Background: Delays in treatment of in-hospital cardiac arrest (IHCA) events are associated with lower survival and poor neurologic outcomes (1). For ward patients on centralized telemetry, telemetry technicians notify nursing staff of life-threatening arrhythmias immediately so nursing can verify a patient’s clinical status and determine whether code blue activation is necessary. Delays in this verification lead to delays in code activation, which can, in turn, lead to increased morbidity and mortality (2). We sought to assess the impact of a bundled intervention which included empowerment of telemetry technicians to active code blues on IHCA survival.

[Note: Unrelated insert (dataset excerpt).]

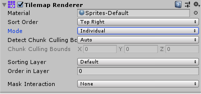 When set to Chunk Mode, the Tilemap Renderer handles Sprites on a Tilemap in batches and renders them together. They’re treated as a single sort item when sorted in the 2D Transparent Queue. While this reduces draw calls, other renderers can’t render between any part of the Tilemap, preventing other rendered Sprites from interweaving with Tilemap Sprites.

Methods: We implemented a quality improvement protocol September 1, 2016 at our 900-bed, urban, academic safety-net hospital which incorporated 1) a telemetry hotline for telemetry technicians to reach nursing unit staff more effectively for critical arrhythmias; 2) an escalation system within the nursing mobile phone system for critical arrhythmia notifications to bump to the charge nurse if not answered within 30 seconds, then to all unit staff if not answered within 30 seconds; and 3) empowerment of telemetry technicians to call code blue directly for the following life-threatening arrhythmias: ventricular fibrillation, sustained ventricular tachycardia > 30 seconds, asystole, or bradycardia < 30 beats/minute. We performed a retrospective pre-post study of all IHCA in patients on centralized telemetry for one year prior to the intervention and three years post intervention to determine if the bundled intervention affected IHCA survival, survival to discharge and inappropriate code activation. Two-sided t-tests were used to compare continuous variables and chi-square tests were used to compare categorical variables. SAS version 9.4 was used for all analyses. P-values of < 0.05 were considered significant. Telemetry technicians were also surveyed about their perceptions of the intervention.

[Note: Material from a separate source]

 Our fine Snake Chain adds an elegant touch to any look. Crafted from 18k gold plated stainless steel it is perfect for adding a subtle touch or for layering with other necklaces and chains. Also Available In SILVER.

Results: Code survival was 12/20 (60.0%) pre-intervention as compared with 46/55 (83.6%) post bundle implementation (p= 0.03). (Table 2) Survival to discharge was 3/20 (15.0%) pre-intervention compared with 21/55 (38.2%) post-intervention (p= 0.059). See Table 1 for demographics. There was a significant improvement in code survival in VT/VF arrests in floor patients on telemetry (p = 0.035) though no significant change in survival to discharge (p = 0.197). There was a trend towards code survival improvement in patients with bradycardic/PEA events (p = 0.055). There was a trend towards code survival and survival to discharge with bradycardic/VT/VF arrests (p= 0.053 and p= 0.076, respectively). There were no inappropriate code activations post-intervention. Telemetry technician surveys showed a trend in perceived improvement in response time post intervention; actual code response times could not be accurately measured.

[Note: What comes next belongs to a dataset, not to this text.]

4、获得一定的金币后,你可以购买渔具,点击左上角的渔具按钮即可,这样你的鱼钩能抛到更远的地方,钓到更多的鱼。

Conclusions: Our bundled intervention to expedite telemetry technician communication with bedside nursing staff for critical arrhythmias and empower telemetry technicians to directly call codes for critical arrhythmias showed a significant improvement in code survival in cardiac arrests for ward patients on telemetry and a trend towards improvement in survival to discharge. Importantly, there were no inappropriate code activations by telemetry technicians, highlighting the safety of this intervention.